-- Records for this exercise follows --

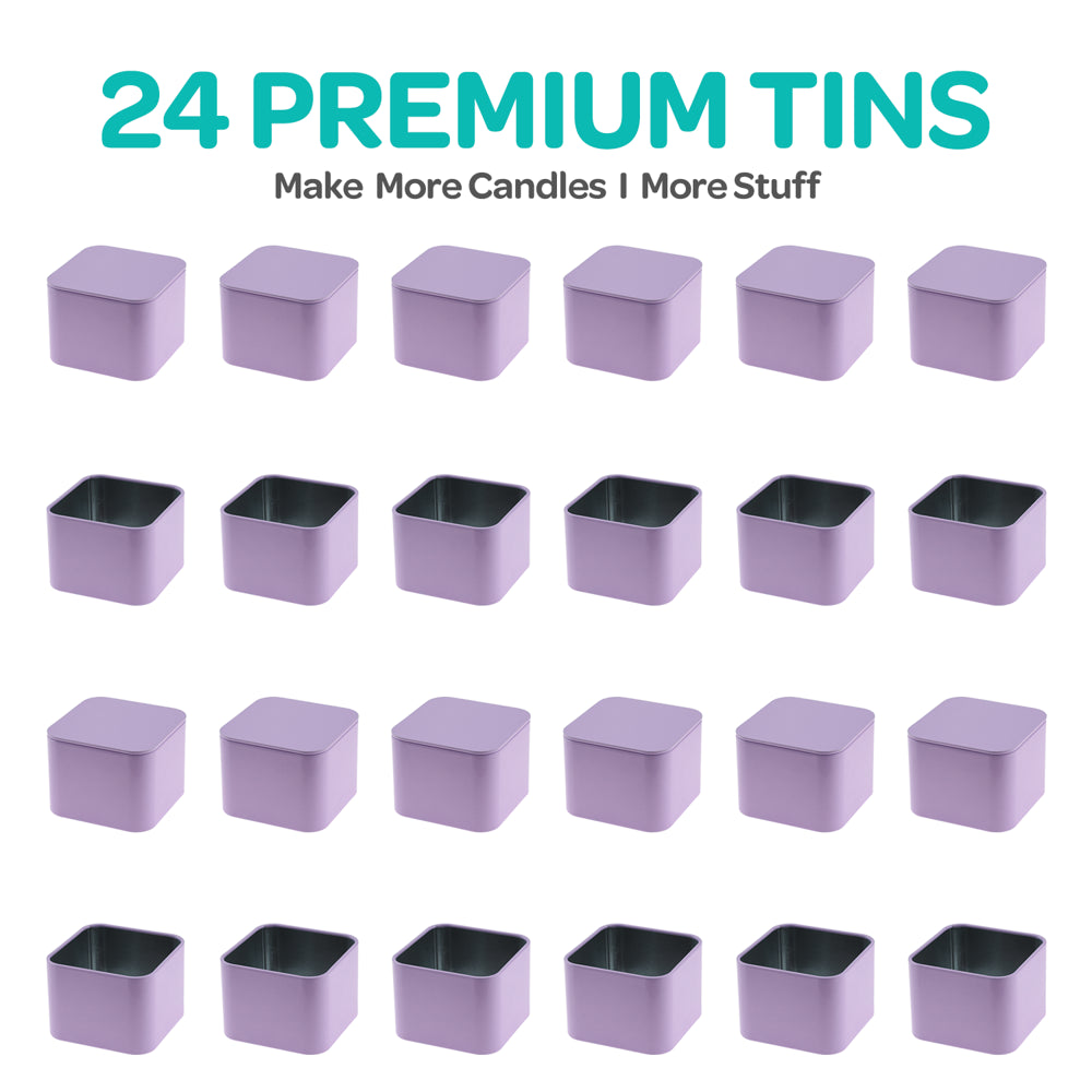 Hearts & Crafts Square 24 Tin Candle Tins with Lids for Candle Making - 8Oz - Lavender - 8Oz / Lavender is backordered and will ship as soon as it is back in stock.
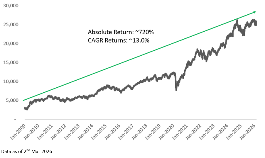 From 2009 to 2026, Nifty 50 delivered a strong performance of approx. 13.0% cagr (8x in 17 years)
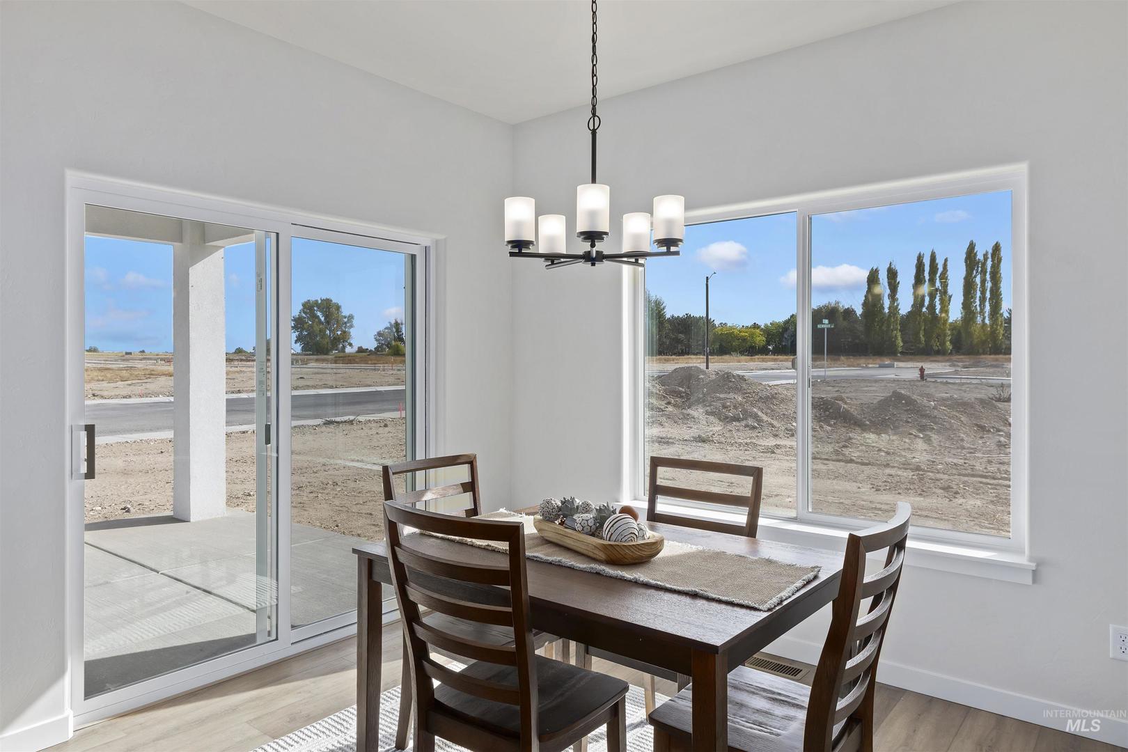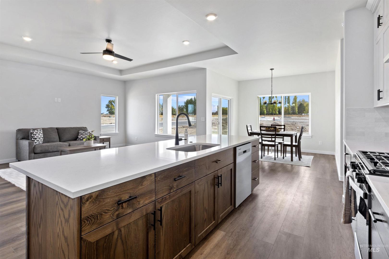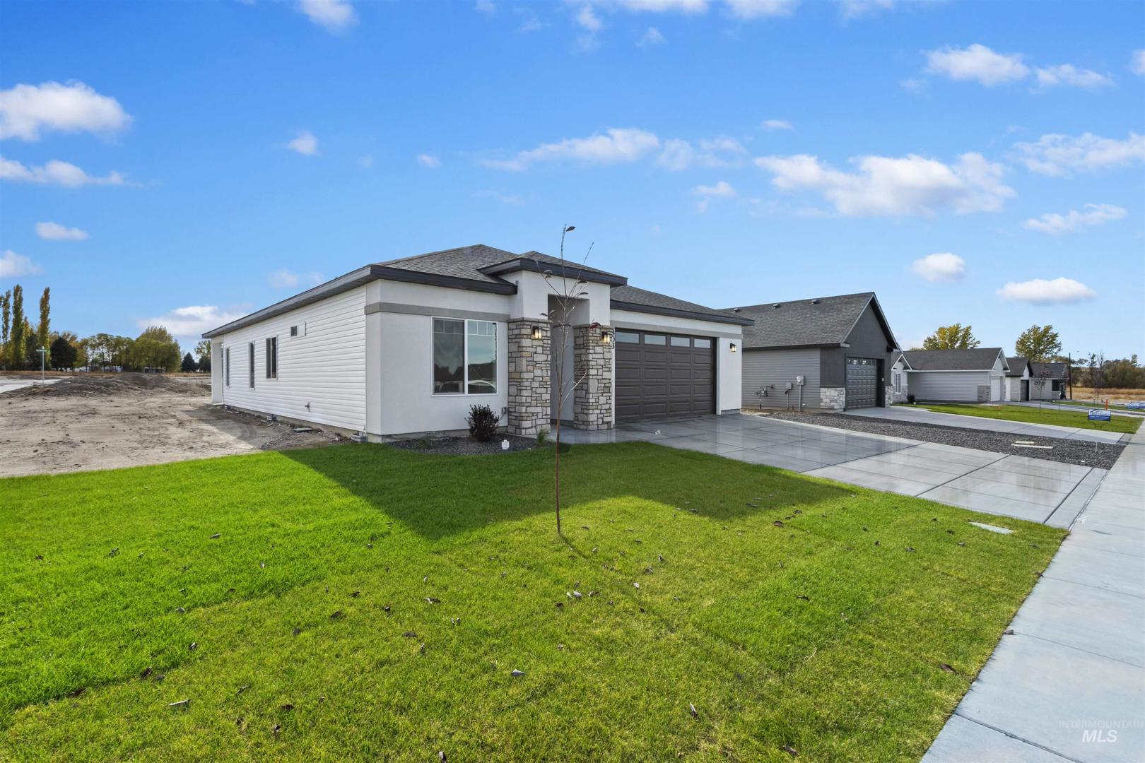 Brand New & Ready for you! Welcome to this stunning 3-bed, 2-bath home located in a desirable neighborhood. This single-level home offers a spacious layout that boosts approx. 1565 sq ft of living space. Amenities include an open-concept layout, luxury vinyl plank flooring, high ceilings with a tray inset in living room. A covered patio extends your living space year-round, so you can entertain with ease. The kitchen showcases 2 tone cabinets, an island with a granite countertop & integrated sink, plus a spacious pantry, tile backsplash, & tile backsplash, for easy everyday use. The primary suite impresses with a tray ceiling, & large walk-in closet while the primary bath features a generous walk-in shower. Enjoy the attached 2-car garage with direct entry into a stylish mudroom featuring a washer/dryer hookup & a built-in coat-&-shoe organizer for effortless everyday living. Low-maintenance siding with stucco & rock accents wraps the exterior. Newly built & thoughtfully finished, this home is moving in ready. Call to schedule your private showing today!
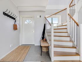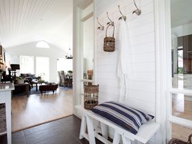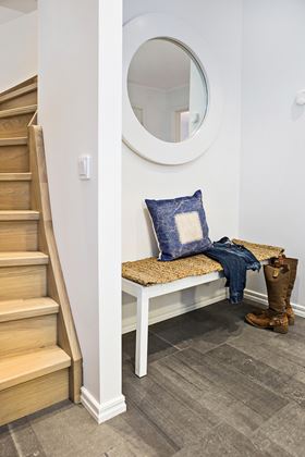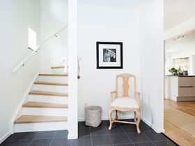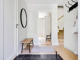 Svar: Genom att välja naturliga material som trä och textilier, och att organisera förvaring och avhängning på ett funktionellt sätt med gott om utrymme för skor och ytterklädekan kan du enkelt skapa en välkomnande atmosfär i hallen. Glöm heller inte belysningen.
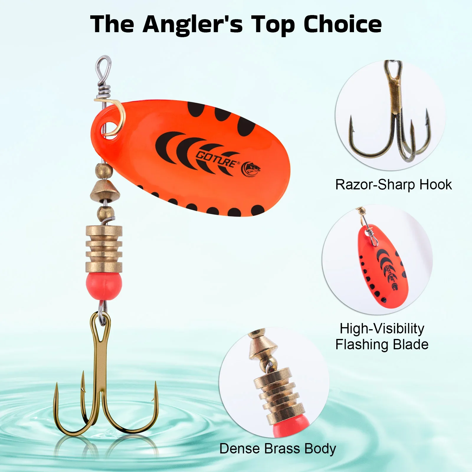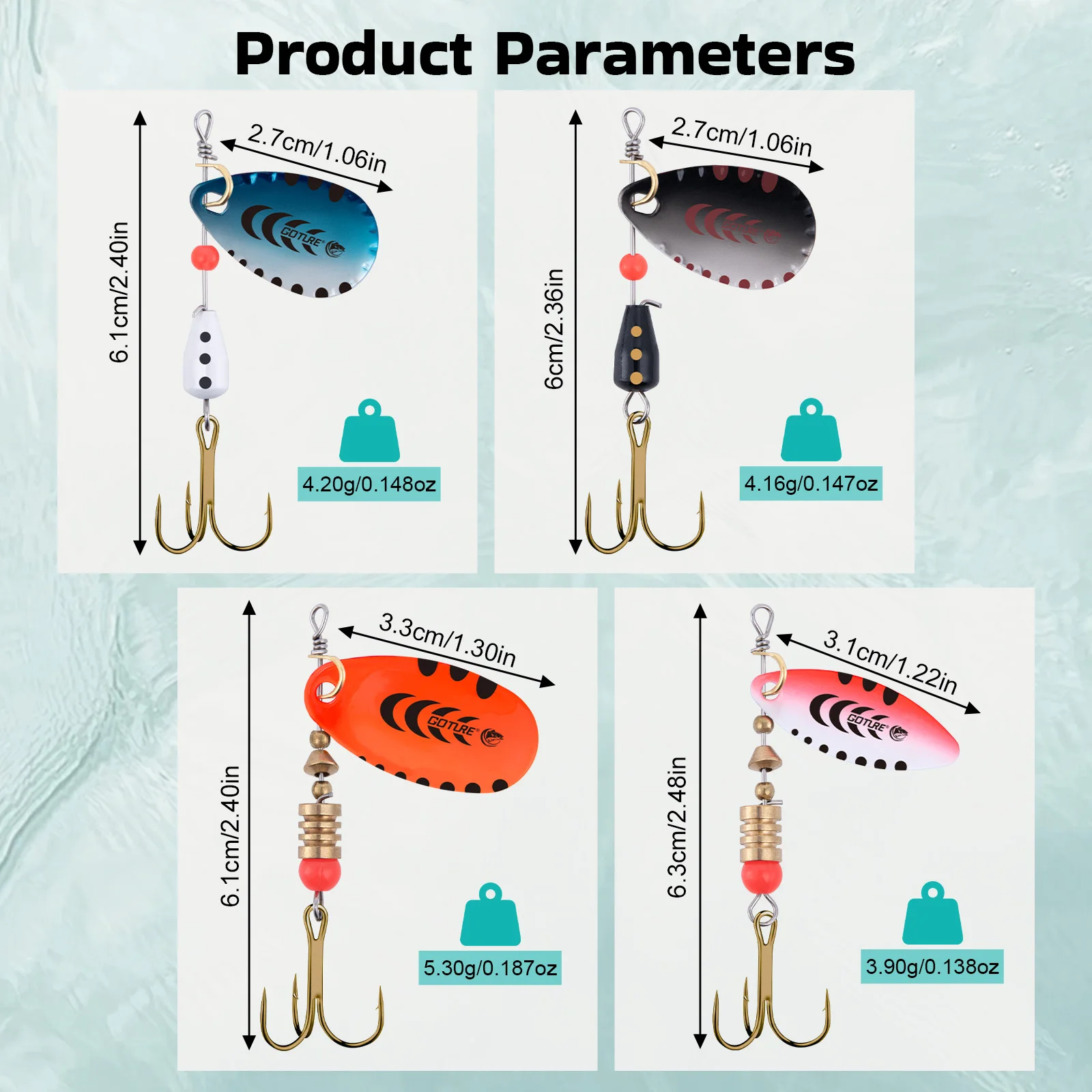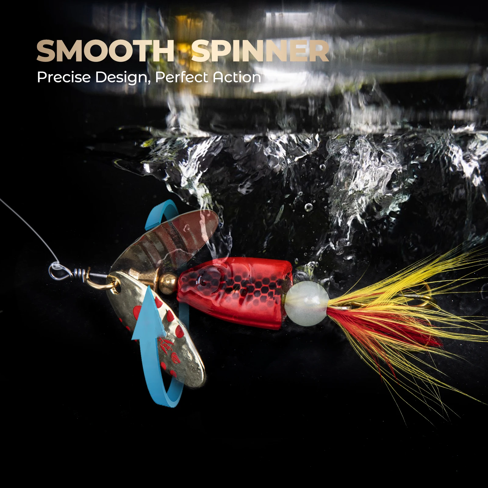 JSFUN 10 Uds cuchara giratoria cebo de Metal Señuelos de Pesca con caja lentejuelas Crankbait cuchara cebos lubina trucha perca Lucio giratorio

-- Records for this exercise concluded --

> _What is required_:
Each line from the start of the listing above through the line with "From 2009 to" is what to output, exactly as written and without pictures.

> _Task result_:
 Hearts & Crafts Square 24 Tin Candle Tins with Lids for Candle Making - 8Oz - Lavender - 8Oz / Lavender is backordered and will ship as soon as it is back in stock.
 From 2009 to 2026, Nifty 50 delivered a strong performance of approx. 13.0% cagr (8x in 17 years)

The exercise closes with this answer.